Flicking through the Indian version, which is in English, is an experience akin to traversing a time warp of about 20 years. The photographs (the January issue has a memorable one of an Indian woman lolling in bed with boyfriend and cigarette under the headline, 'Overcoming Sexual Shyness'), the layout and text are all vintage Cosmo, the hand of Helen Gurley Brown in her prime being clearly visible. In fact, any edition which might wish to recreate exactly the Cosmopolitans of two decades ago is welcome to borrow a wealth of archive material from the New York office.

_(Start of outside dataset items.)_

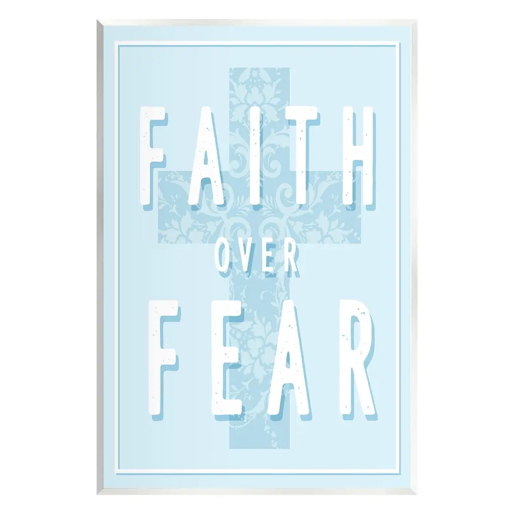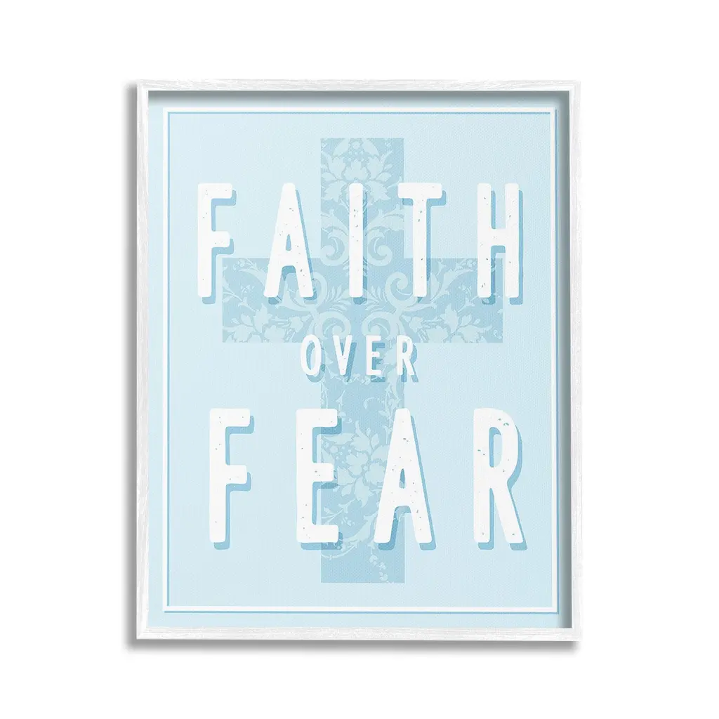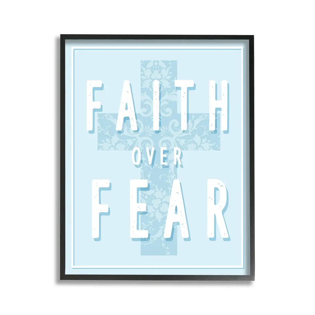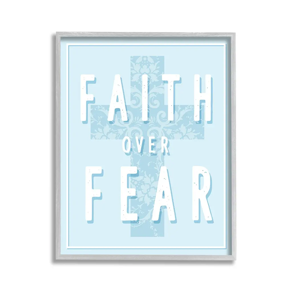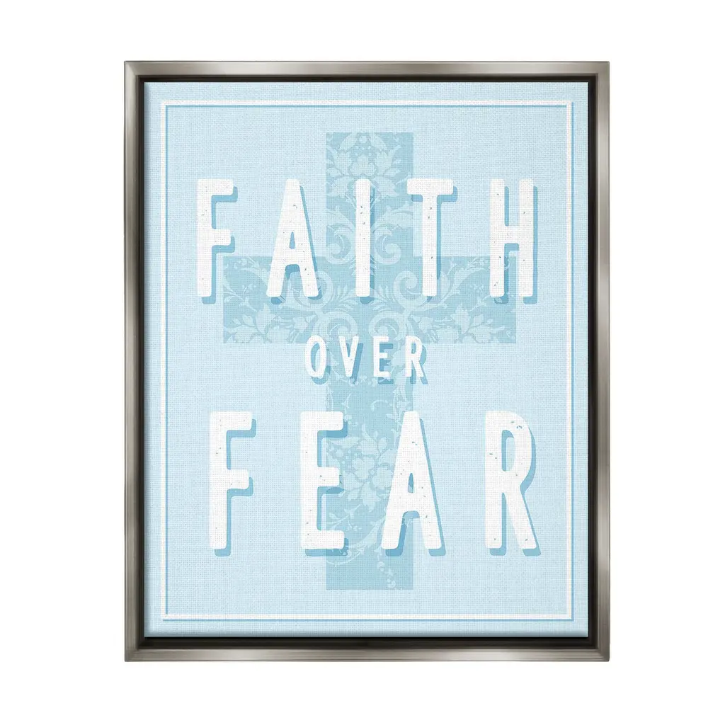 Stupell Blue Faith Over Fear Framed Giclee Art Design By Lil' Rue - 16 X 20 - Grey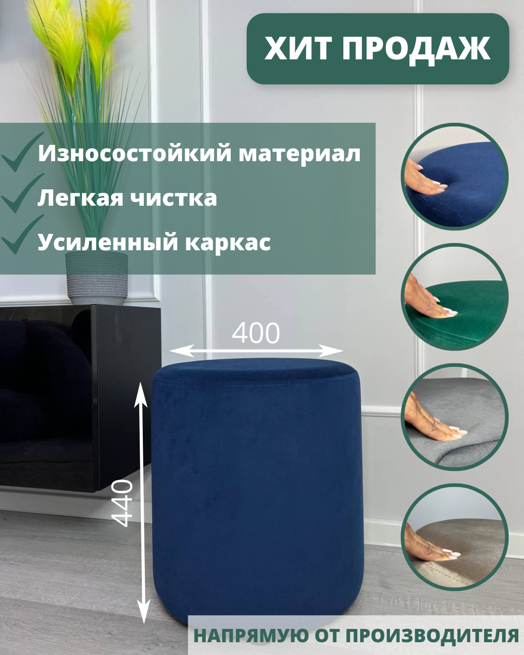 Пуф круглый Элика / пуфик в прихожую, в спальню / велюр / темно-синий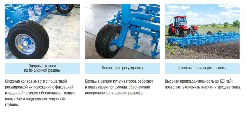 •    Одинарные или парные опорные колеса. Регулировка и стабильное поддержание глубины почвообработки обеспечивается продуманной работой опорных колес.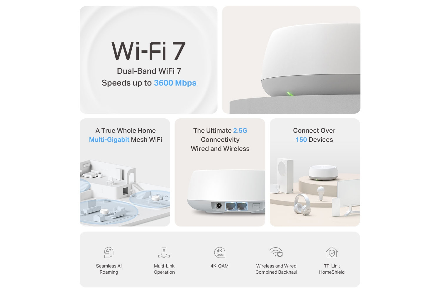 - Seamless AI-Driven Roaming – Forms a unified netwok with built-in AI-Roaming creating the ideal Wi-Fi solution for your home

This is what the Indian editorial team has decided will suit their market and perhaps they have a point. 'Not every country is at the same speed,' Green observes of the sexual revolution. At the same time, however, there are also editions of Cosmopolitan which have raced ahead and outgrown their mother's lengthy embrace. Gurley Brown has no children - she never wanted them, she says - and it does not please her to see her print offspring become too independent. 'Occasionally we get a new young editor who wants to make her mark,' she says. 'You don't need a Baby Jane to go in and re-invent the wheel . . .' One of the offenders is British Cosmopolitan, which is much harder-edged than its American sister. 'We're talking tabloid journalism,' says Gurley Brown with some feeling. 'I wasn't happy with that. They wanted to do something a little more exploitation-like. I'm a very sensible girl and if that's the way they want to retain readership, that's fine. But Kim and I are exhorting our editions not to go that route.' HONG KONG Cosmopolitan, for one, can hardly be accused of racing ahead like its British stablemate. Its 12-year history is more akin to a cautious canter considering Asian sensibilities with sex. 'You couldn't call us conservative ... we are an elegant magazine, very feminine,' says Hong Kong Cosmo chief editor Ruqi Yah Law. 'You know Hong Kong culture is different from the West so we run fewer sex stories. Sex is one of Cosmo's signature topics so we still run it. But we generally use sex material from the US. Occasionally, if the topic isn't right for HK, we'll add in some local stuff, advice, that sort of thing. Sometimes the pictures can be too explicit or the words too explicit when translated into Chinese.' That hasn't stopped the local Cosmo from starting up its own signature topics like the much sought-after annual sex guide in August. The local edition goes for a 50-50 split between Hong Kong and US material, rather than the usual 70-30 cut. Last year's guide ran articles on how to enjoy sex more, sex-related questions and answers - health, sexual positions, condoms, safe sex, different examples of how your environment can make sex even more perfect and more romantic, exercises you can do to make sex better and so on. Such topics may not sound like rigid deference to Asian sensibilities but for Law it is a question of advcie.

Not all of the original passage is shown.